I just got through reading an excellent post by Bret Taylor, ex-Googler and creator of FriendFeed, about the need for open data sets. He makes a compelling argument on how difficult and expensive it is to get any type of meaningful data that can really be used to make interesting web applications. I experienced this first-hand in the creation of eppraisal.com – getting good quality real estate data was not cheap or easy.
I think all of these barriers to data are holding back innovation at a scale that few people realize. The most important part of an environment that encourages innovation is low barriers to entry. The moment a contract and lawyers are involved, you inherently restrict the set of people who can work on a problem to well-funded companies with a profitable product. Likewise, companies that sell data have to protect their investments, so permitted uses for the data are almost always explicitly enumerated in contracts. The entire system is designed to restrict the data to be used in product categories that already exist.
Interesting, but how does this apply to Africa?
Depending on how you look at it, this is a great opportunity or a serious problem. For instance, it’s a problem for us on the Ushahidi project because it is difficult to get some of the detailed mapping data that we need in a usable format. However, if you’re an enterprising businessman you would realize how much un-digitized data is in Africa and would start doing something to create data sets and license that out.
Of course, you licensing that data out puts us all in the same quandry that Bret outlines in his post… That by it not being open and free, the barriers to entry are high(er) and only larger organizations with access to a lot of resources can utilize it. A catch-22 if ever there was one.

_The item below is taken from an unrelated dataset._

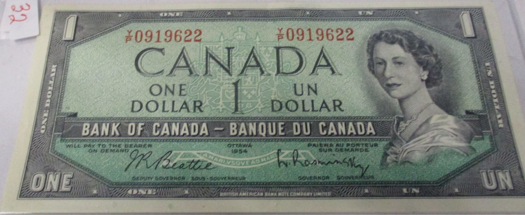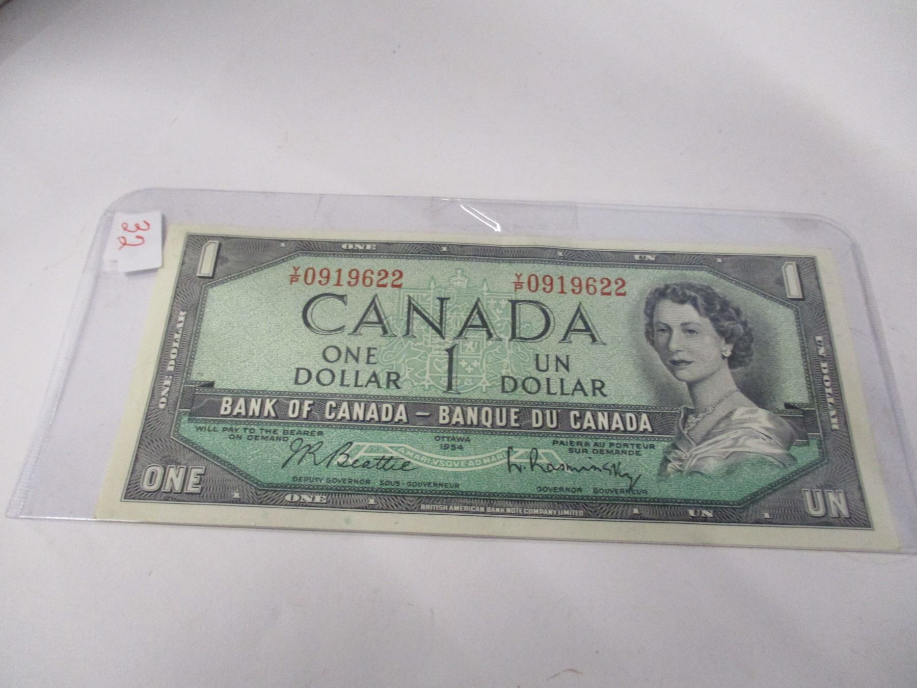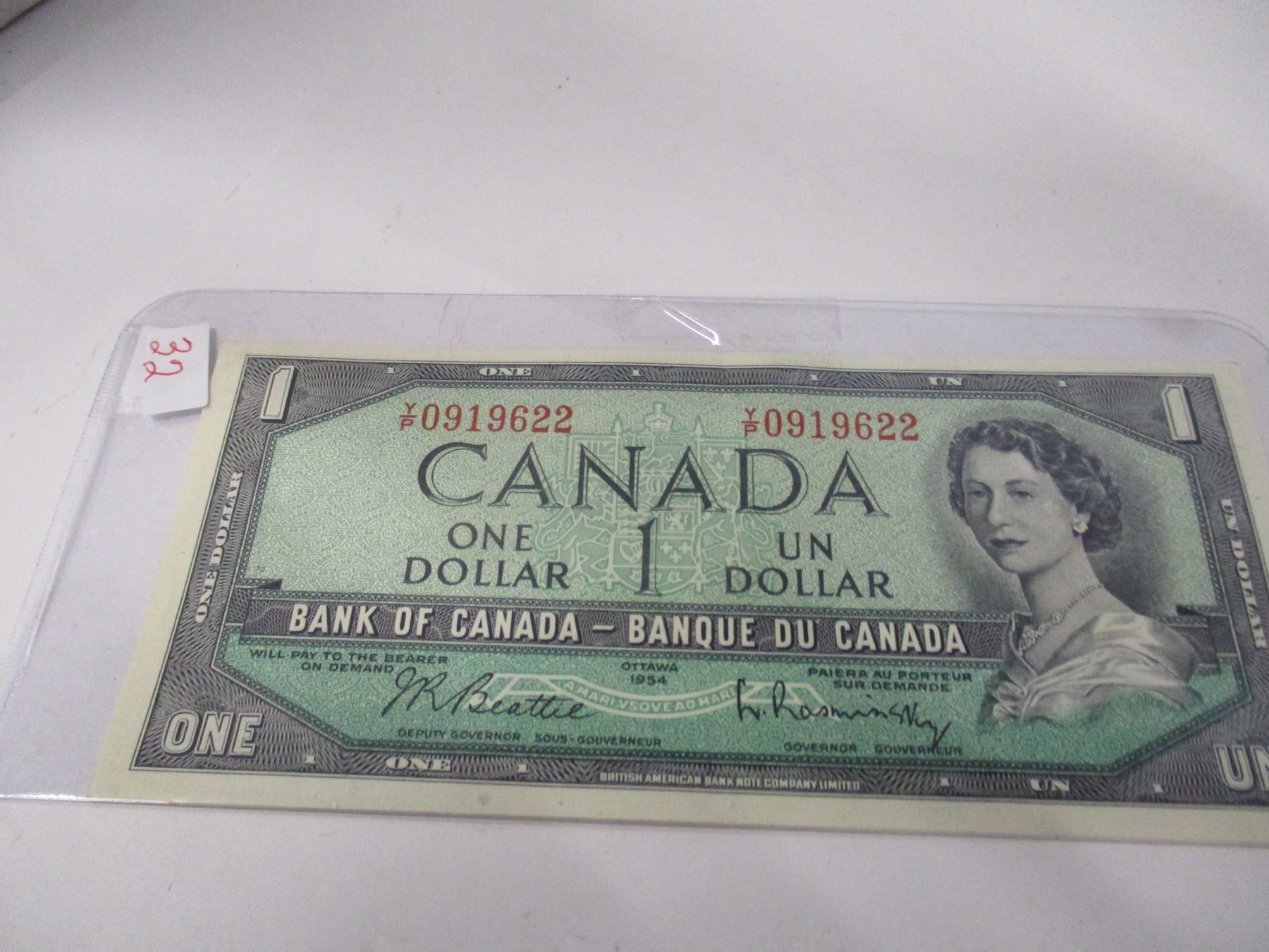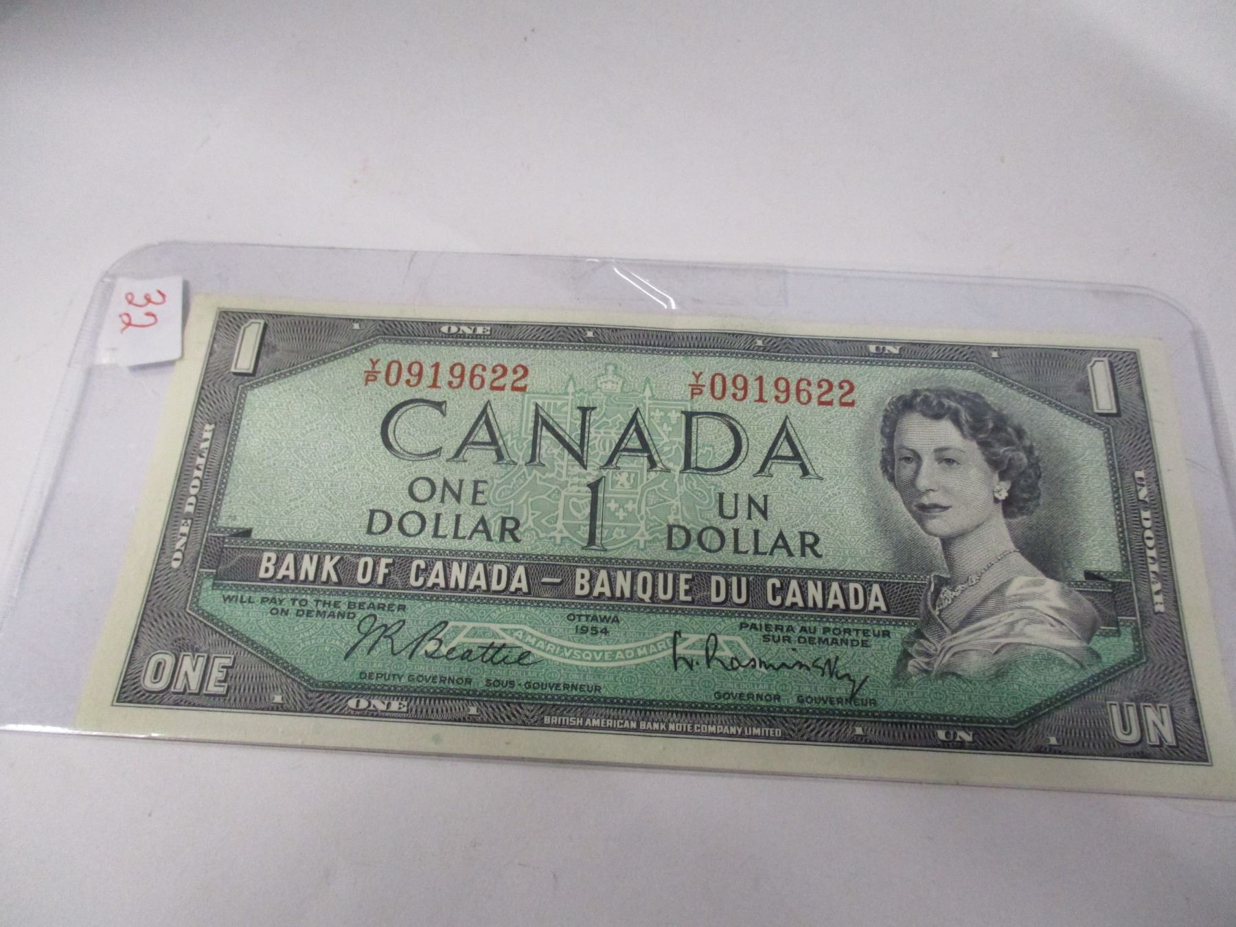 Lot 32 1954 CRISP UNCIRCULATED LAST OF CANADA $1 BILL

It only make sense to give up data, or collect data and give it away for free of the relative cost of doing that for each person is minimal. Anytime you need to use a lot of resources to collect data, then you deserve to charge a fair market price for it. So, while I’d love to have more free data available, I know that the challenges to getting there are quite steep.
A few sources of open and free data:
Twine – Misc.
OpenStreetMap – Geographical data
Freebase – Open shared database
OpenTick – Financial data
Numbrary – Numbers
DBpedia – Structured data from Wikipedia
Swivel – Misc and nice visuals
Jigsaw – business contacts
InfoChimps – Misc free data sets
NumberZoom – Phone numbers